- **PROBLEM DESCRIPTION**
A faithful copy of the listing below is needed, with its pictures left out.

- **DATA BELOW**
──────────

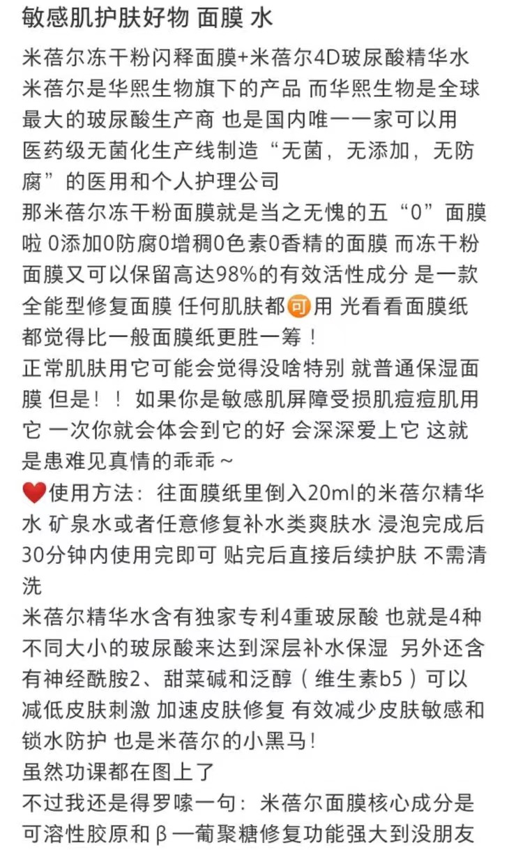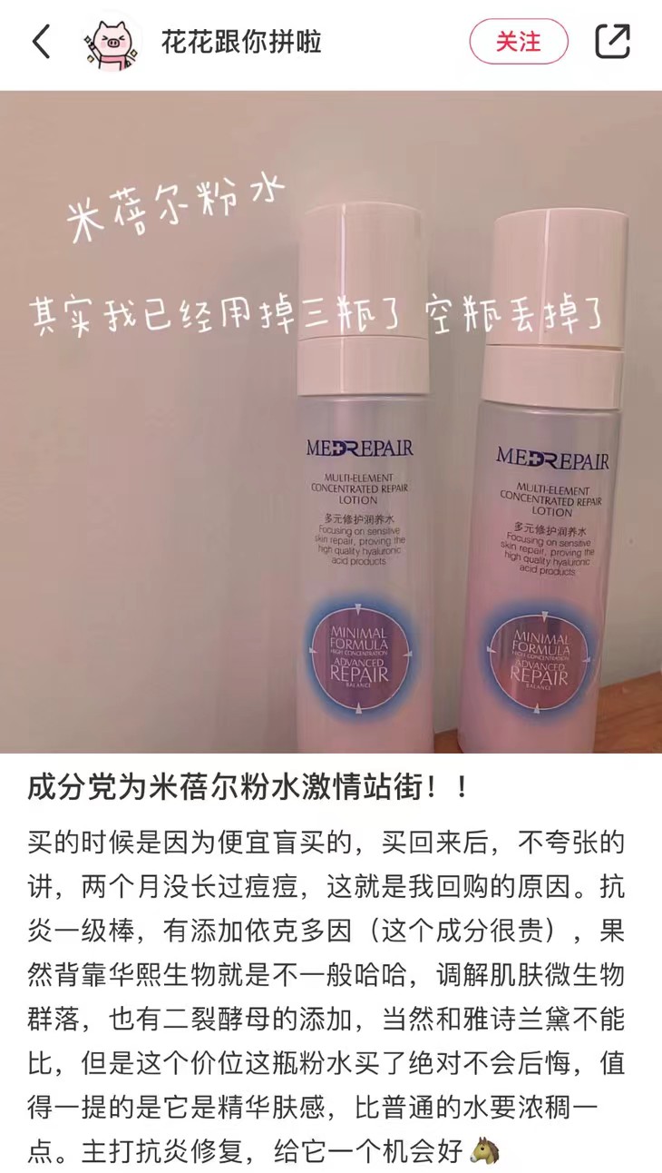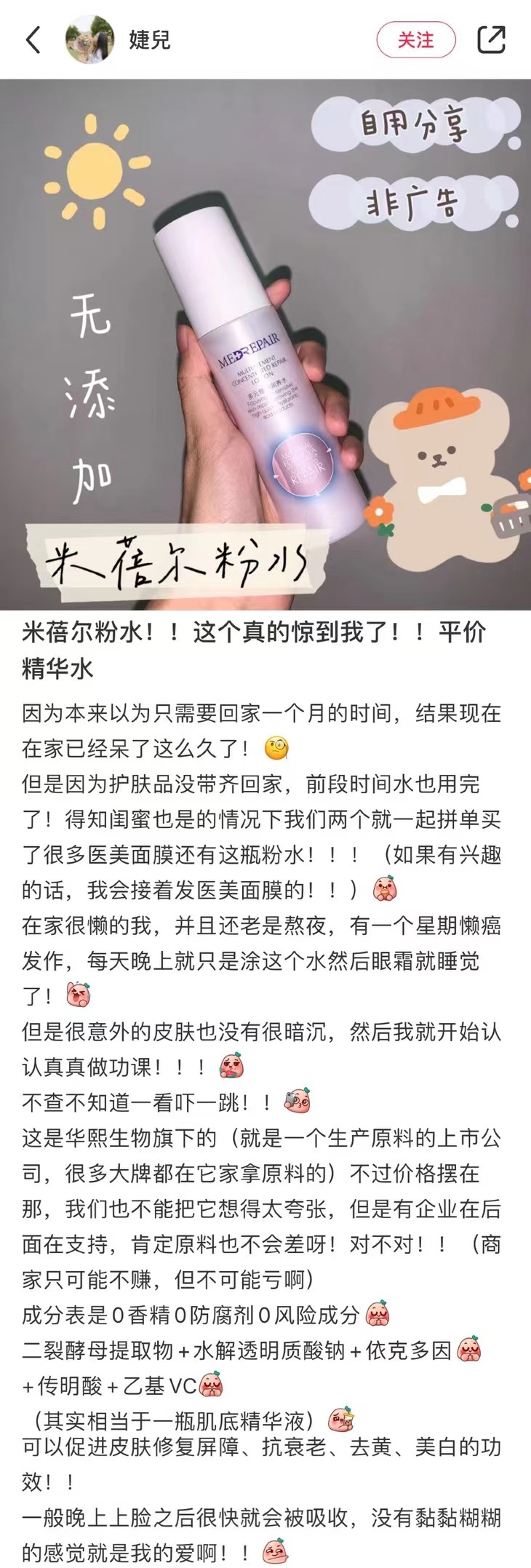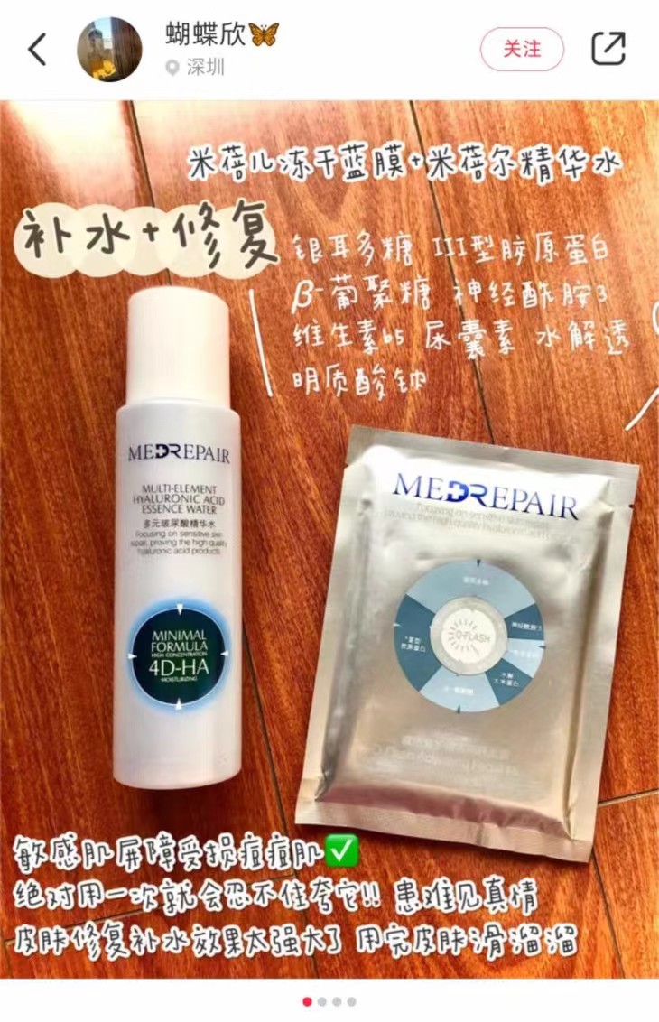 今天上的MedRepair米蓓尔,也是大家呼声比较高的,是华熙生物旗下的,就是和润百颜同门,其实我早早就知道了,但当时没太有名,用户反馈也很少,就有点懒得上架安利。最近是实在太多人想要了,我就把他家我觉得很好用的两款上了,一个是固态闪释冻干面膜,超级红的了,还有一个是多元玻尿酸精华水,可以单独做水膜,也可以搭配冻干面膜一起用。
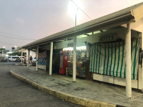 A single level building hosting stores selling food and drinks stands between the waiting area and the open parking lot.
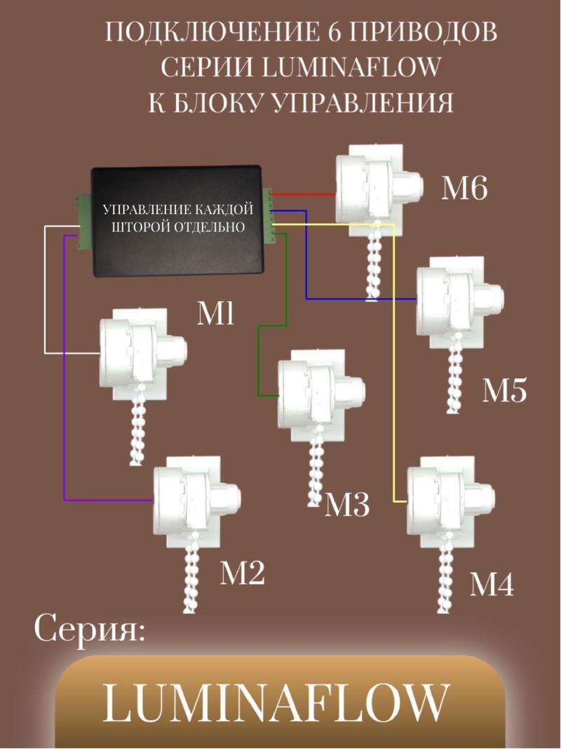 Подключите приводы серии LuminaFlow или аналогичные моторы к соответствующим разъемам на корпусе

──────────

- **COMPLETED TASK**
 今天上的MedRepair米蓓尔,也是大家呼声比较高的,是华熙生物旗下的,就是和润百颜同门,其实我早早就知道了,但当时没太有名,用户反馈也很少,就有点懒得上架安利。最近是实在太多人想要了,我就把他家我觉得很好用的两款上了,一个是固态闪释冻干面膜,超级红的了,还有一个是多元玻尿酸精华水,可以单独做水膜,也可以搭配冻干面膜一起用。
 A single level building hosting stores selling food and drinks stands between the waiting area and the open parking lot.
 Подключите приводы серии LuminaFlow или аналогичные моторы к соответствующим разъемам на корпусе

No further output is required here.